Благодаря чрезмерно развитому и постоянно активному мозгу, человек обладал большей умственной энергией, чем ему необходимо было для выживания на чисто животном уровне. И он должен был давать выход этой энергии не только при добывании пищи и размножении, но и в производстве очень странных вещей: наскальных рисунков, культовых предметов (тотемных столбов, которым поклонялись как духам рода, молитвенных дощечек и т. д.). «Культурная работа» заняла более важное положение, чем утилитарный ручной труд.

Далеко не всегда при раскопках древних стоянок человека археологи находили орудия труда, но почти всегда – предметы религиозного культа или образцы примитивного искусства. Человек оказался не столько животным, производящим орудия труда, сколько животным, производящим символы. С помощью символических предметов и символических действий люди вводили себя в особое состояние, творили себе невидимых символических покровителей, т. е. совершали чисто человеческие действия, развивали свою специфическую человеческую природу. Человек – существо искусственное, потому что он не рождается природой, не является закономерным результатом эволюции, он сам себя рождает, творит. Он должен был пройти через человекообразующие процессы: через миф, ритуал, чтобы стать человеком.

Искусственный человек, как мы уже отмечали, постоянно отличает себя от животного, постоянно подчеркивает свою специфически человеческую природу и постоянно старается вырваться из животного состояния, одержать победу над естественным началом в себе. «Но рассудим поглубже: где кончается зверь и где начинается человек? Тот человек, который только и нужен природе? Пока кто-либо стремится к жизни, как к какому-то счастью, он еще не поднял взора над горизонтом зверя, и вся разница лишь в том, что он более сознательно стремится к тому, чего зверь ищет слепым инстинктом. Но ведь так живем мы все значительную часть нашей жизни: мы не выходим обычно из животного состояния, мы сами – звери, осужденные, по-видимому, на бессмысленное страдание.

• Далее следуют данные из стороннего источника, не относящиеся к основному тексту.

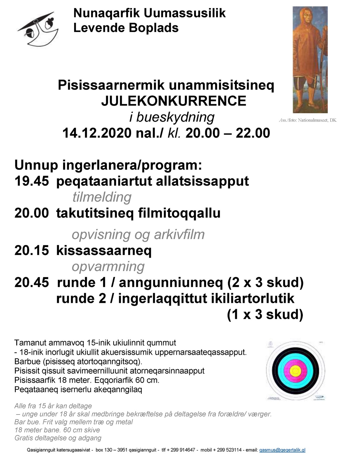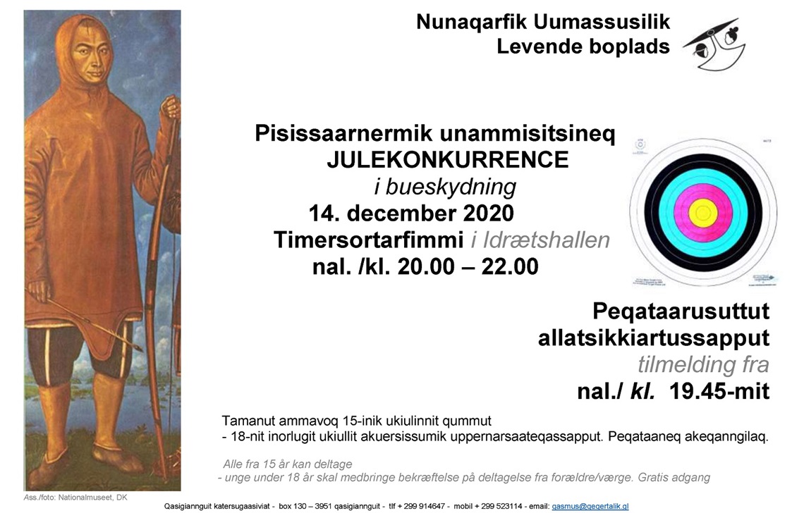 Under Levende Boplads, Qasigiannguit Museum arrangerer støttegruppen AARNUAT’s bueafdeling juleturnering i bueskydning i Idrætshallen mandag 14.12.2020 kl. 20.00 – 22.00

Но есть мгновения, когда мы понимаем это, тогда облака разрываются, и мы видим, как вместе со всей природой нас влечет к человеку, т. е. к чему-то, что стоит высоко над нами. Содрогаясь, мы оглядываемся вокруг себя в этом внезапном свете и смотрим назад: мы видим, как бегут утонченные хищные звери и мы сами среди них. Чудовищная подвижность людей в великой земной пустыне, их созидание городов и государств, их ведение войн, их неустанное схождение и расхождение, их беспорядочная беготня, их взаимное подражание, их умение перехитрить и уничтожить друг друга, их крик в нужде, их радостный рев в победе – все это есть продолжение животного состояния»[107]107
  Ницше Ф. Несвоевременные размышления // Ницше Ф. Странник и его тень. Избр. произв.: В 3 т. М., 1994. Т. 2. С. 40.


[Закрыть]
.

Антропология – одна из важнейших наук, пытающаяся ответить на самые главные вопросы человеческого существования, и прежде всего на вопрос: чем мы отличаемся от всех остальных живых существ, почему, несмотря на «воспарения» духа, на удивительные прозрения и открытия, на примеры любви и терпимости, мы в массе остаемся животными?

Бытие в свободе

Животное растворяется в «здесь и теперь» своего существования. «Здесь и теперь» не становится для него предметом, животное не наделено самосознанием. Иную ступень самоотнесенности занимает человек, который осознает собственную жизнь и собственное переживание. Он способен дистанцироваться от своей «жизненной середины», осознать себя как Я в теле и как вне тела. В человеке есть субъект, который способен испытывать свой центр как нечто противостоящее ему. Я представляет собой находящийся вне самого себя пункт, из которого человек может созерцать развитие своей внутренней жизни. В силу этого человек по своей природе на основании формы своего существования искусственен. Как эксцентричное существо, человек, лишенный равновесия, без своего места и времени, пребывая в ничто, лишенный родины, должен стать чем-то и найти в себе равновесие[108]108
  Плеснер Х. Ступени органического и человек: Введение в философскую антропологию. М., 2004. С. 254.


[Закрыть]
.

Будучи вне места и времени, он делает возможным переживание самого себя и одновременно переживание своей безместности и безвременности как стояния вне себя. Он помещен в свои границы и потому переступает их, ибо, как всякое живое, он не удерживается в них.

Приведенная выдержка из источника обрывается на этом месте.